- [Requirement]: The listing, minus its pictures, is to be given again exactly.

- [Data extract]:
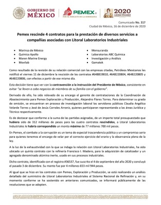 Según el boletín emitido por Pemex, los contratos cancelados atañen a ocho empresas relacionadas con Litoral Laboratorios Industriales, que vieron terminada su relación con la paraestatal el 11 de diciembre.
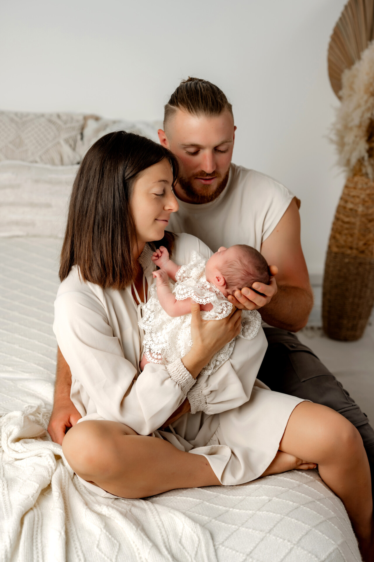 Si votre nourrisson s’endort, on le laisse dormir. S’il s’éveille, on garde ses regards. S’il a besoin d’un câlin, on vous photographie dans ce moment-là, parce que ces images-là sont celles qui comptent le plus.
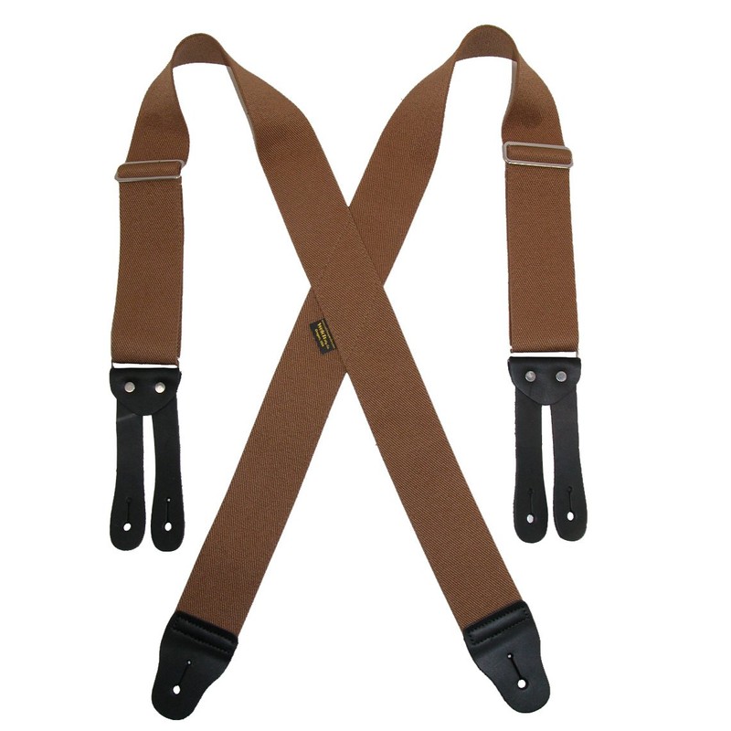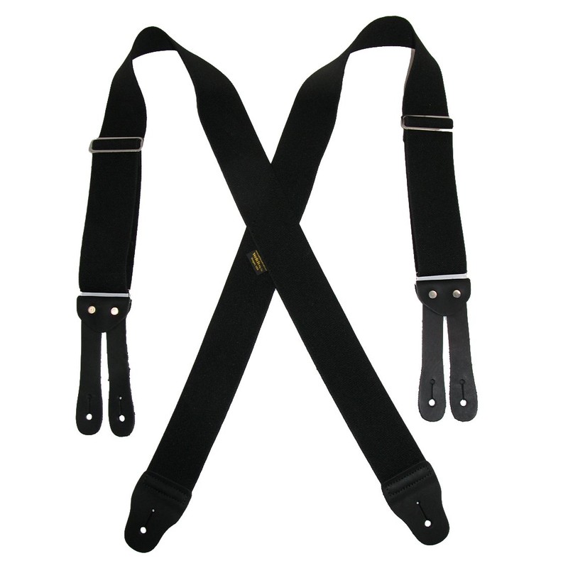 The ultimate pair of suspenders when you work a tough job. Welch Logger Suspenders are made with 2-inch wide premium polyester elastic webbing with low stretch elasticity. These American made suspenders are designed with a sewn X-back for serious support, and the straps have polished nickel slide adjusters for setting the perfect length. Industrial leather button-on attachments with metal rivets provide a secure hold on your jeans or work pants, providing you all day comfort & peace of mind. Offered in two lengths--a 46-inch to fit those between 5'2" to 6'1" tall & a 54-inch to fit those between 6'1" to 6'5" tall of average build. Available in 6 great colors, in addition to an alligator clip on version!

- [Reply to the exercise]:
 Según el boletín emitido por Pemex, los contratos cancelados atañen a ocho empresas relacionadas con Litoral Laboratorios Industriales, que vieron terminada su relación con la paraestatal el 11 de diciembre.
 Si votre nourrisson s’endort, on le laisse dormir. S’il s’éveille, on garde ses regards. S’il a besoin d’un câlin, on vous photographie dans ce moment-là, parce que ces images-là sont celles qui comptent le plus.
 The ultimate pair of suspenders when you work a tough job. Welch Logger Suspenders are made with 2-inch wide premium polyester elastic webbing with low stretch elasticity. These American made suspenders are designed with a sewn X-back for serious support, and the straps have polished nickel slide adjusters for setting the perfect length. Industrial leather button-on attachments with metal rivets provide a secure hold on your jeans or work pants, providing you all day comfort & peace of mind. Offered in two lengths--a 46-inch to fit those between 5'2" to 6'1" tall & a 54-inch to fit those between 6'1" to 6'5" tall of average build. Available in 6 great colors, in addition to an alligator clip on version!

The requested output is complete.